Читаем Языки культуры полностью

«Хозяйка дома обернулась теперь Аспазией, и комнаты, украшения, утварь — все должно было сделаться отныне античным. Тазы, кувшины, блюда, бокалы отливались из бронзы по рисункам или изготовлялись из золота и серебра. Кресла с гнутыми ножками, кушетки и драпировки представляли красавицу в ее будуаре, рядом с нею лира, сама она, возлежа на мягких подушках, грезит о сапфических песнопениях, ей неведомых», — писала Каролина де ля Мотт-Фуке[651]. И современный ей русский автор, Ф. Ф. Вигель: «Везде появились албатровые вазы, с иссеченными митологическими изображениями, курительницы и столики в виде треножников, курульские кресла, длинные кушетки, где руки опирались на орлов, грифонов или сфинксов. <…> Красное дерево, вошедшее во всеобщее употребление, начало украшаться вызолоченными бронзовыми фигурами прекрасной отработки, лирами, головками: медузиными, львиными и даже бараньими. <…> Одно было в этом несколько смешно: все те вещи, кои у древних были для обыкно-

венного домашнего употребления, у французов и у нас служили одним украшением». Что все эти предметы были без всякого употребления, — это у Виге л я ироническое преувеличение. «После расхищения гардемебля, — продолжает он, — по увезении эмигрантами всех легковесных украшений, кажется, не оставалось во Франции ни одного камушка. <…> Нам и тут надо было подражать.
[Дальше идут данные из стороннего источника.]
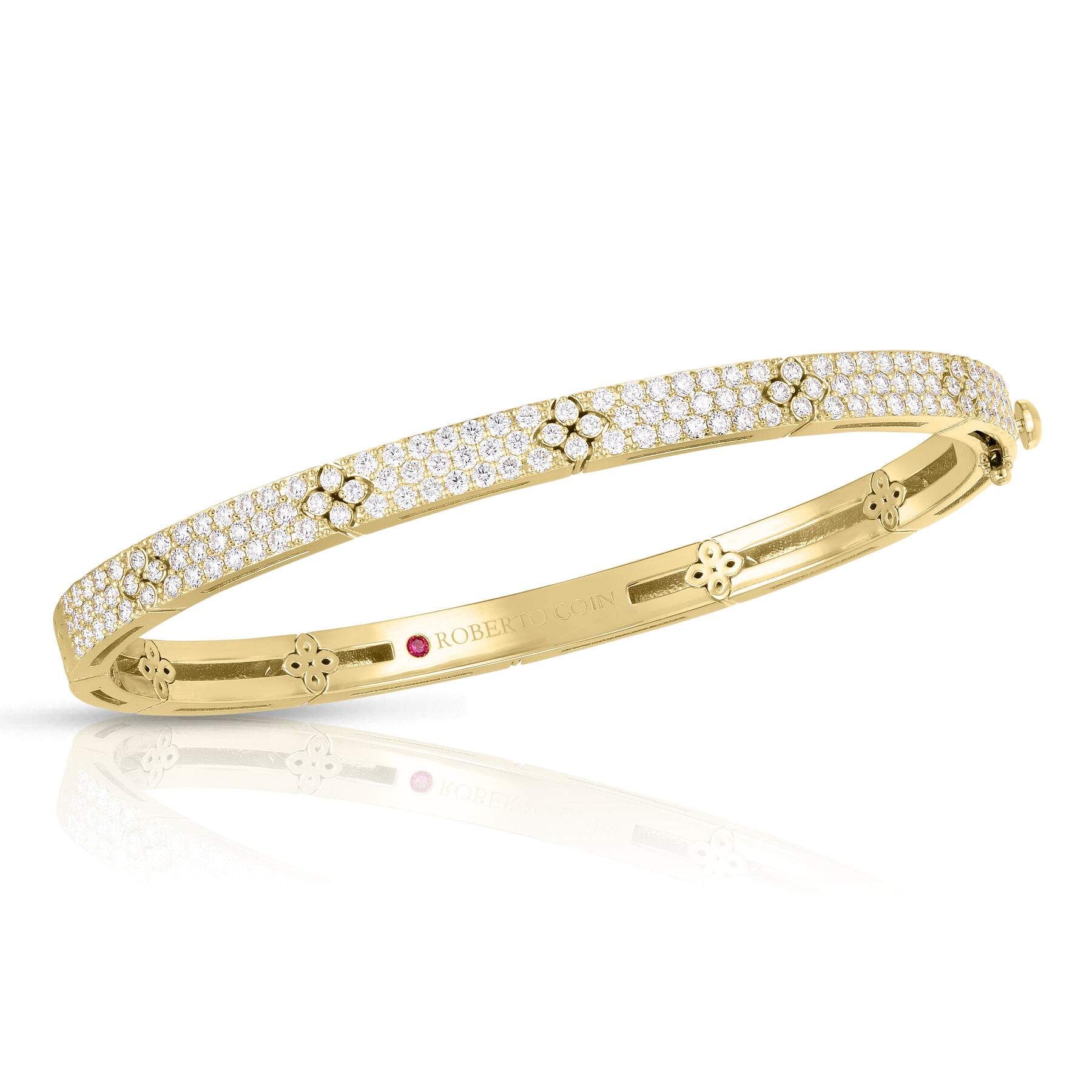 18 karat yellow gold Roberto Coin Love In Verona Pave Bangle containing 1.70 carat total of diamonds.

Бриллианты, коими наши дамы были так богаты, все попрятаны и предоставлены для ношения царской фамилии и купчихам. За неимоверную цену стали доставать резные камни, оправлять золотом и вставлять в браслеты и ожерелья. Это было гораздо античнее»[652]. Но так это и было — помимо всякой насмешки.
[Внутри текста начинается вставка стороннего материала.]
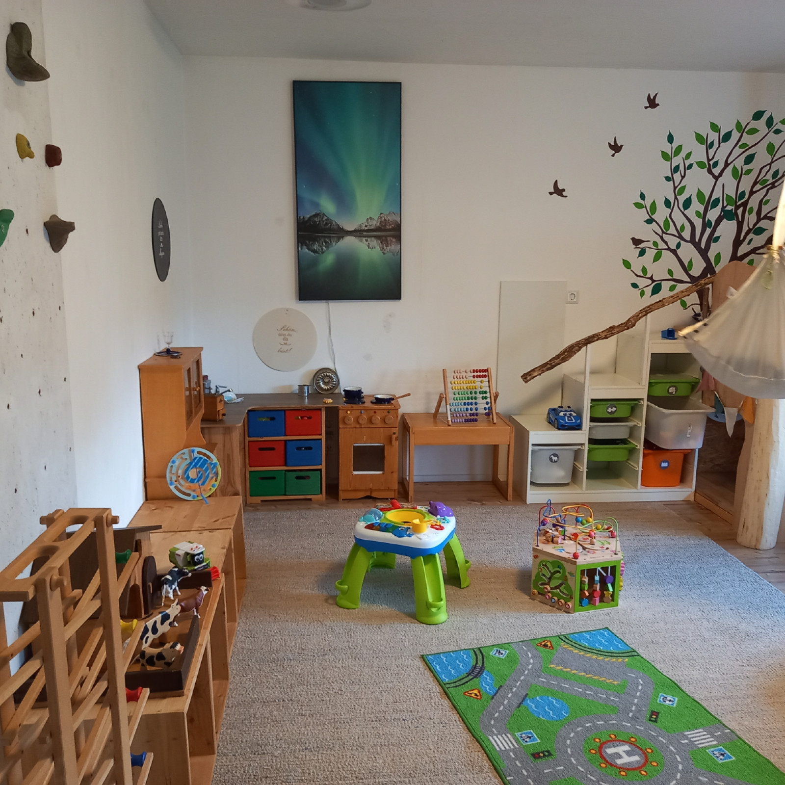 Kinder haben besondere Bedürfnisse an die Einrichtung: der Waschbereich hat einen Wickeltisch, niedrige Waschbecken und eine separate Toilette. Für den Mittagsschlaf oder um sich auszuruhen gibt es den Schlafbereich mit einer eigenen Matratze für jedes Kind. Die Küche ist besonders wichtig: hier bereiten wir – auch oft gemeinsam mit den Kindern – die Mahlzeiten zu und lassen es uns zusammen am großen Tisch schmecken. In den Räumen gibt es verschiedene Bereiche zum Basteln oder Spielen – mache Bereiche werden auch für verschiedene Anlässe umgeräumt. In den Räumen wird natürlich nicht geraucht.

Одна работа Давида, «Портрет мадам Рекамье» (1800), представляет собою, вероятно, наивысшее достижение французского искусства в его стремлении углубиться в античность, в ее подлинность, но все здесь достигнуто благодаря вещам, благодаря их образу, через концентрацию на немногих (всего трех) предметах, античных по форме и назначению, — klinл, hypopodion, lychnos. Это вещи — в то время модные, и на картине портретируются прежде всего вещи и преображаются прежде всего вещи, которые превращают в образ идеальности французский салон и сам человеческий персонаж картины. Перед нами уже не Франция и не салон, а покой духа, разлитый между столь скупо поставленными предметами, идеальность и подлинность существования — такая, какая только и могла произойти на французской почве из встречи современности и той подлинности и полноты античности, к которой эта современность устремилась всеми силами души.

Можно было бы сказать, что все подобные вещи — для эпохи своего рода готовые слова, которые уместно цитируются, да еще при стремлении цитировать как можно точнее. Пожалуй, так оно и есть. Но столь же свойственно этим вещам, во-первых, тяготение к тому, чтобы из цитаты превращаться в подлинность — что решительно противоречит языку моды, — а во-вторых, тяготение к тому, чтобы преодолевать отрывочность цитаты и из случайного и украшательского элемента быта становиться образом житейской, если не жизненной полноты, полнокровного бытия.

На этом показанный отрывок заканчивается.